Женщина исполнила поручение — она вошла в сарай, увидела Посланника, спящего на соломе, и склонилась над ним. Но столь ясен, безмятежен был лик Назореянина, что шлюха устыдилась своих нечистых намерений и убежала прочь. Вернувшись домой, Элишева приняла ванну, дабы подготовиться к встрече с гостями — и ощутила, что девственность снова вернулась к ней. Отказавшись от нарядов и денег, облачившись в рубаху из белого льна, распустив по плечам несравненные волосы цвета красного дерева, она удалилась в пустыню, к единственному в округе источнику. И с тех пор ухаживает за ним, тысячу триста лет кряду. Она чистит родник, сторожит верблюдов и поит собак, разжигает костер, чтобы странники не заблудились, омывает раненым кровь, а прокаженным смрадные язвы. Элишева стала сестрой каждому путнику — неважно, ходит он в церковь или синагогу, поклоняется Мухаммеду или огню, утопает в грехах или лучится святостью. Она будет служить до тех пор, пока сын Марии не созовет живых и мертвых на последнюю битву.

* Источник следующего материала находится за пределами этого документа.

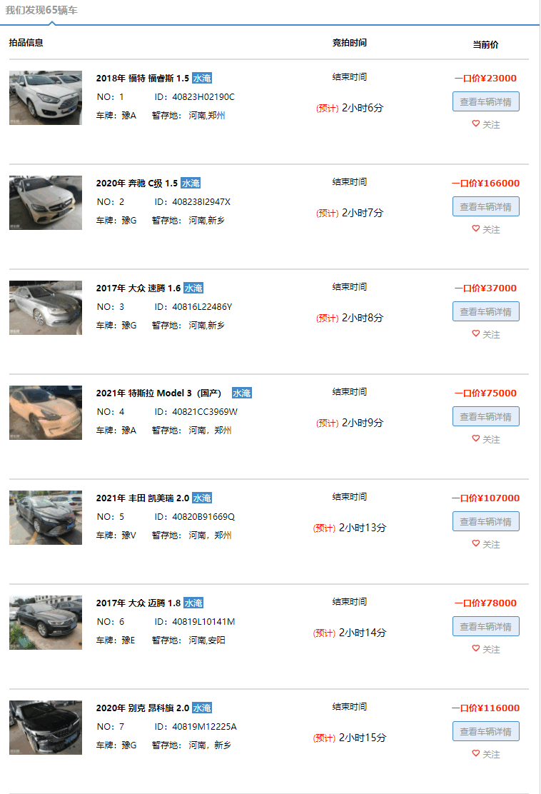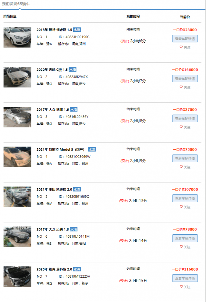 在博车网的河南水淹车拍卖专场,我们可以看到不少车辆经过定损之后,往往会给出一口价,并且一些全新车型的水泡价,对比新车非常具有诱惑力。
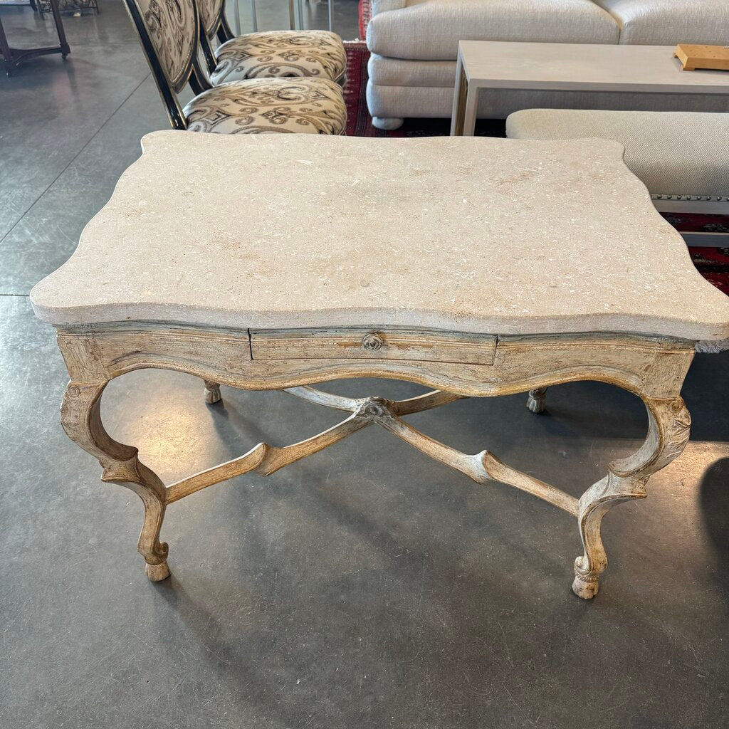 Vintage Carved Wood Console W/ Stone Top- 37X25.5X27
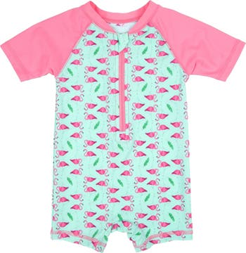 Never worry about your little ones in the sun with the Baby One Piece Rash Guard, ideal for those lazy days at the pool or the beach. Each product consists of short sleeves and a zip-up design at the chest to provide a comfy feel, all while the wearer’s skin is protected thanks to the fast drying nylon material. Rashguards come in a variety of colors and designs to match children’s stylish look, ensuring a memorable experience no matter the occasion. Sizes are offered from 3 to 18 months old, consider a larger option to accommodate an even looser feel for your wearer. Every Baby One Piece Rashguard will become a summer favorite!
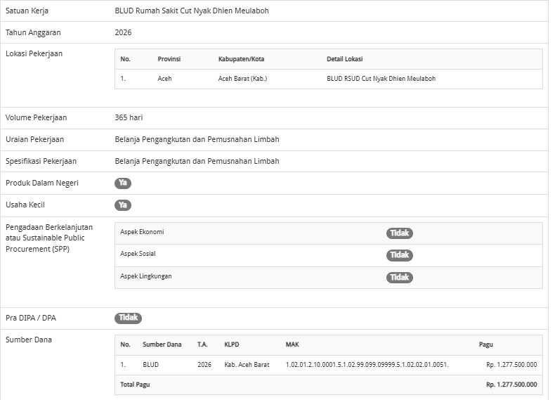 Dikutip dari lama SiRUP pada Senin (2/3/2026), pengadaan ini berada di bawah kewenangan Pemerintah Kabupaten Aceh Barat melalui satuan kerja BLUD RSUD Cut Nyak Dhien Meulaboh. Kegiatan direncanakan berlangsung selama 365 hari, mulai Januari hingga Desember 2026.
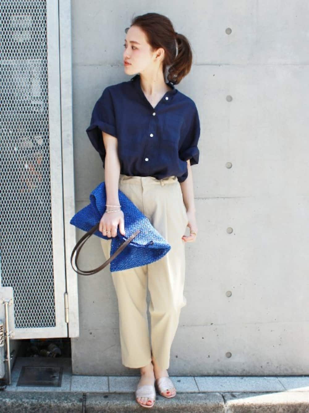 masu*のシャツ/ブラウス「No66 LINEN 製品染め 半袖シャツ_#」を使ったコーディネート
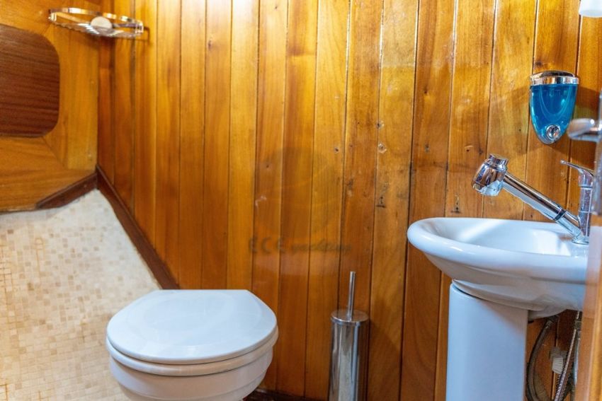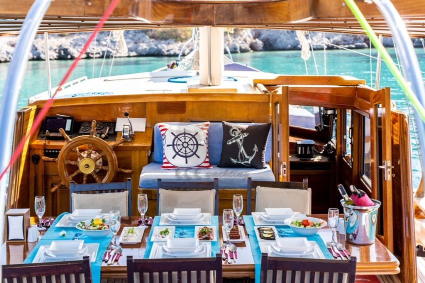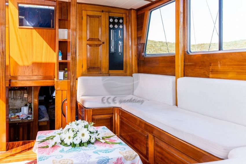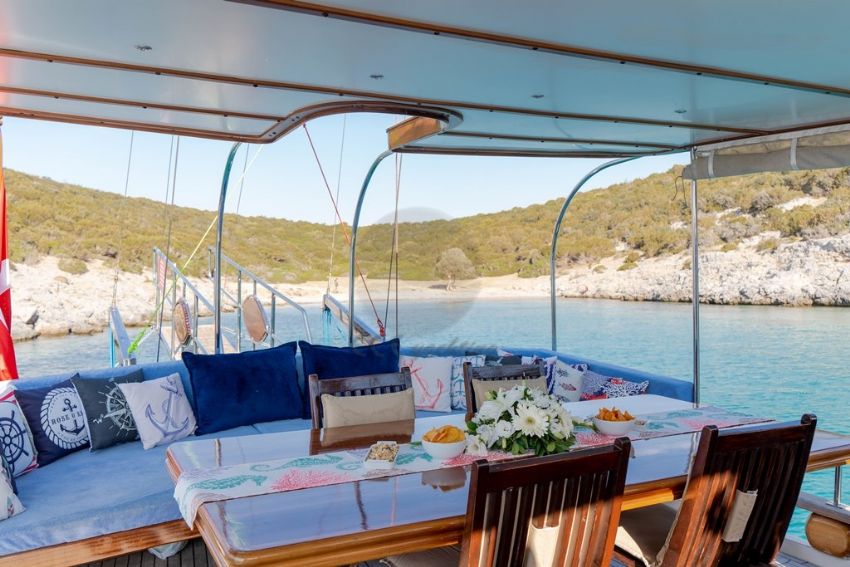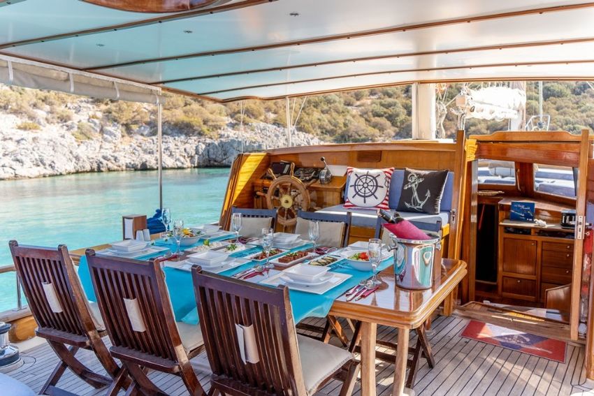 Guletin arka kısmında geniş ve rahat bir oturma alanı, yemek masası ve keyifli yemek alanı bulunmaktadır. Ayrıca, salon içinde ayrı bir yemek masası ve tam donanımlı bir mutfak mevcuttur. Güneşlenmek isteyen misafirler için yeterli sayıda güneşlenme minderi ve geniş bir güverte alanı sunulmaktadır.
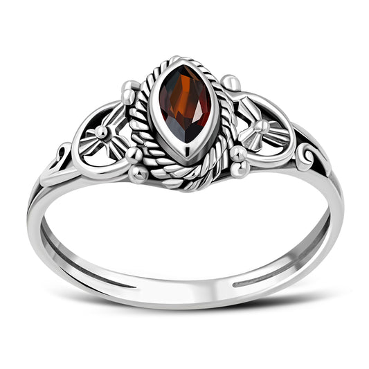 Garnet Stone Sterling Silver Ring
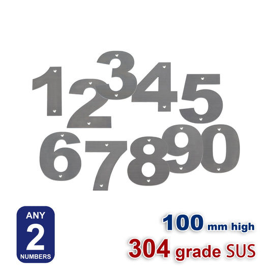 100 mm House Number Plate Stainless Steel Flat Sign Mail Letter Box Numbers 2x
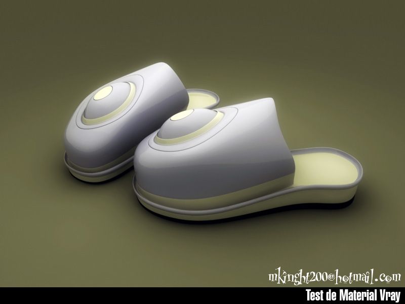Ballo, Cristina, Endora, A78 mas que zapatos son zapatillas la idea era hacer un robot en zapatillas, os enseño un render en el que probaba materiales recién modeladas.
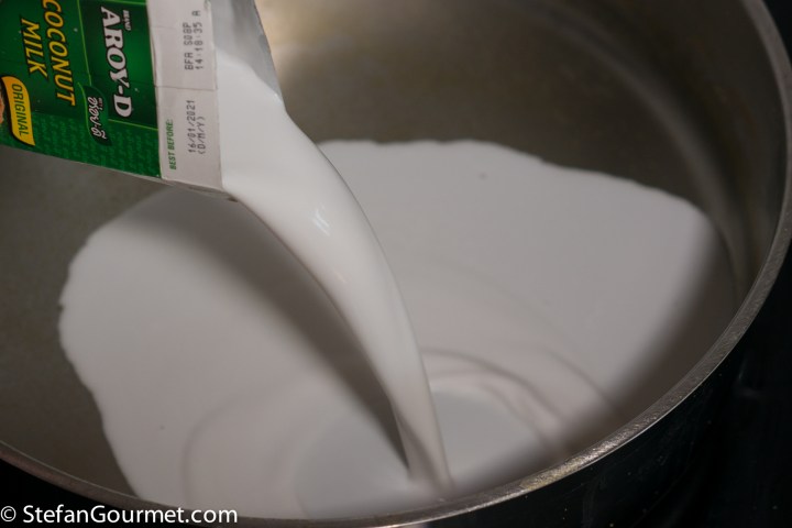 Heat a tablespoon of vegetable oil in a saucepan and add two tablespoons of green curry paste. Stir over medium heat until fragrant, about 1 minute.
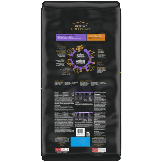 Support your dog’s active lifestyle with Purina Pro Plan High Calorie High Protein Dry Dog Food Sport Performance 30/20 Chicken and Rice Formula. Featuring real chicken as the #1 ingredient, this Purina Pro Plan adult dog food is expertly formulated with 30% protein and 20% fat to fuel active dogs’ metabolic needs and help them maintain lean muscle. It contains concentrated nutrition to boost oxygen metabolism (VO2 max) for increased endurance. Brain-support nutrients DHA, EPA, B vitamins, arginine and antioxidants promote cognitive health. Plus, it contains high-quality protein to support a healthy heart, as well as amino acids to nourish muscles, including the crucial time following exercise. And because your dog should always look his best, this formula includes vitamin A and omega-6 fatty acids for a healthy coat. Every Purina Pro Plan dry dog food is rigorously tested for quality and safety and proudly manufactured at Purina-owned U.S. facilities.

— Вот как… — Филипп замолк. Он вспомнил жалкий оазис, хижину, покрытую пальмовыми листами и монахиню редкой красы, одетую в рубище. Из-под пыльного платка выбился локон, похожий на шуструю красную змейку, смуглые ноги в открытых сандалиях легко сминали песок. Она поднесла ему воду и преломила хлеб, хотела омыть и царапину от стрелы, но он уклонился — тамплиеры не смеют касаться женщин. …Не смеют, но касаются. В юности. Аличе была христианкой, как и он сам, дочерью византийского грека и сарацинской пленницы, подол её грубого платья вечно бывал испачкан, то в навозе, то в глине, с маленьких рук не сходили царапины. Он целовал хрупкие пальчики и божился, что однажды его возлюбленная позабудет о грязной работе, он носил Аличе на руках и кружился с ней в оливковой роще.
Но не возлег, опасаясь позора, страшась гнева брата Гильома, справедливого и свирепого магистра Гильома.
А потом пришли сарацины и вырезали под корень предместья Акры.
Когда рыцарь очнулся, дух уже скрылся с глаз — собеседник, впавший в уныние, не прельщает даже оживших мертвецов. На чердаке воцарилась тишина. Стало слышно, как пищат новорожденные мышата, угнездившись в слежавшихся тряпках, как внизу заунывно поскрипывает ребек в ловких руках Лантье, как ветер раскачивает вывеску в доме напротив и грохочут по мостовой колеса большой телеги. Жизнь кипела вокруг, лишь ему, грешному монаху, трусливому тамплиеру, забытому богом и покинутому друзьями, не оставалось места среди людей. Забираясь на этот чердак, он надеялся пересидеть неделю, месяц, в крайнем случае, зиму. Потом процесс прекратится или затихнет, можно будет уехать прочь, укрыться у братьев — иоаннитов, вернуться на Кипр или податься в Испанию — говорят, тамошние храмовники заперлись в крепостях и не пускают внутрь ни папских легатов, ни людей короля, ни самого дьявола. Но прошло уже больше трех лет. Процесс все тянется, обвинения нарастают, люди его величества рыщут по Франции как голодные псы. И Лантье, столь сочувственный, верный слуга, стал ворчать, выражать недовольство — слишком долго опасный гость прожигал у них крышу над головой. Вот и сегодня мерзавец наверняка не явится — в доме чужие. Придется до завтра глодать черствые корки, заботливо спрятанные в соломе, слизывать капли росы с решетки и мечтать о вине, густо-красном бургундском вине, освежающем рот…
Лантье не было трое суток. Оголодавший тамплиер изглодал сальную свечку, изжевал кожаный пояс, вытряс горсть зерен из овсяной соломы и съел их, сломав очередной зуб. Дальше пришлось бы либо охотиться на крыс, либо спускаться. Слуга это тоже понял. Он принес скверную пищу и ещё более скверные новости.